Students from 108 specific counties in the Appalachian regions of Kentucky, Ohio, Tennessee, Virginia, and West Virginia pay no tuition at all through the Appalachian Leaders College Scholarship. The 2009 graduates averaged $6,500 in education debt - against a Kentucky state average of $19,112 and a national average of $24,000 in the same year. The college accepts federal Pell Grants but takes no direct state or federal money to fund itself. It draws operating revenue from a small endowment, gifts, and the student labor that keeps the institution running. The selectivity has tightened: for the class of 2017 the college accepted 262 of 6,337 applicants. The wager Lloyd made - that mountain leadership grown locally would lift the mountains - is still the wager the college makes.
The Voices of Appalachia choir, formed in 1962 the year Alice Lloyd died, tours every spring performing hymns and old ballads from the mountains. They have appeared on NBC's Today and CBS News Sunday Morning. Convocations - mandatory speaker series, six per semester - bring outside voices to students who often grew up in dry counties where the only crossroads stop is a gas station. Knott County is dry; alcohol is prohibited on campus. Professional dress is required Tuesday mornings until 2 p.m. and at every convocation. The college is not affiliated with a denomination but emphasizes Christian values in its mission. Dormitories are gender-separated. The strictures sound austere on paper but in practice make space for the students Lloyd wanted to reach - many of whom arrive having never lived in a building with two stories.

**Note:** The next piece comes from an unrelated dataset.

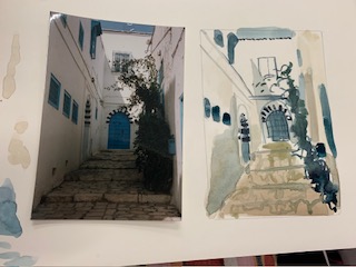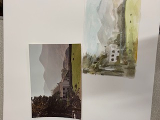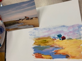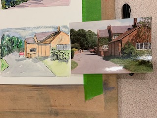 An unusual subject for May’s meeting, "Upside Down Painting". Our chairman, Michael Edwards, led the session and made it look so easy! We each were given a photograph and had to paint what we saw when it was turned the wrong way up. Michael said start by painting the shapes and colours that you see and then fill in the details. His demo picture looked amazing but most of us found it quite hard to ignore the image and just paint what we saw, especially as there was a twenty minute time limit on each painting. By coffee break and having completed two works most were getting the hang of it. Some just couldn’t get their heads around it, myself included. Too far out of their comfort zone but some very good work was done by the majority. We had a really good turnout with tables and chairs at full capacity. We welcomed new member Jan to the meeting and Sally has confirmed that we now have thirty five members in total. That is excellent news for the bank balance and it is lovely that most people rejoined the club after the AGM ( our official end of the annual subscription). |

There is an apartment building near the University of Kentucky campus in Lexington called Caney Cottage. It belongs to Alice Lloyd College. Graduates who get into University of Kentucky graduate school can live there rent-free, utility-free, and parking-free while they earn their next degree. Graduates going elsewhere can apply for cash scholarships toward tuition. The condition for either is the same: after graduate school, the scholarship recipients must commit to service in the Appalachian region. The pipeline Alice Lloyd designed in 1923 still runs - from a Knott County hollow at Pippa Passes through a bachelor's degree in Kentucky's mountains, through graduate school in Lexington, and back home to the counties that sent them. The wager continues.
Alice Lloyd College sits at 37.34 N, 82.87 W in Pippa Passes, Knott County, eastern Kentucky, in a narrow hollow of Caney Creek deep in the Cumberland Plateau. Surrounding ridges rise to about 1,800 feet; the campus floor sits near 1,200 feet. From the air the campus is a small concentration of buildings along a single stretch of valley, easily missed against the dense forest cover. Nearest airports: Big Sandy Regional (K0I8) in Prestonsburg about 20 nm northeast; Lexington's Blue Grass Airport (KLEX) is 110 nm west. Recommended viewing altitude 5,500 to 7,500 feet MSL to take in the surrounding ridges. The country is roughest in spring leaf-out and fall color.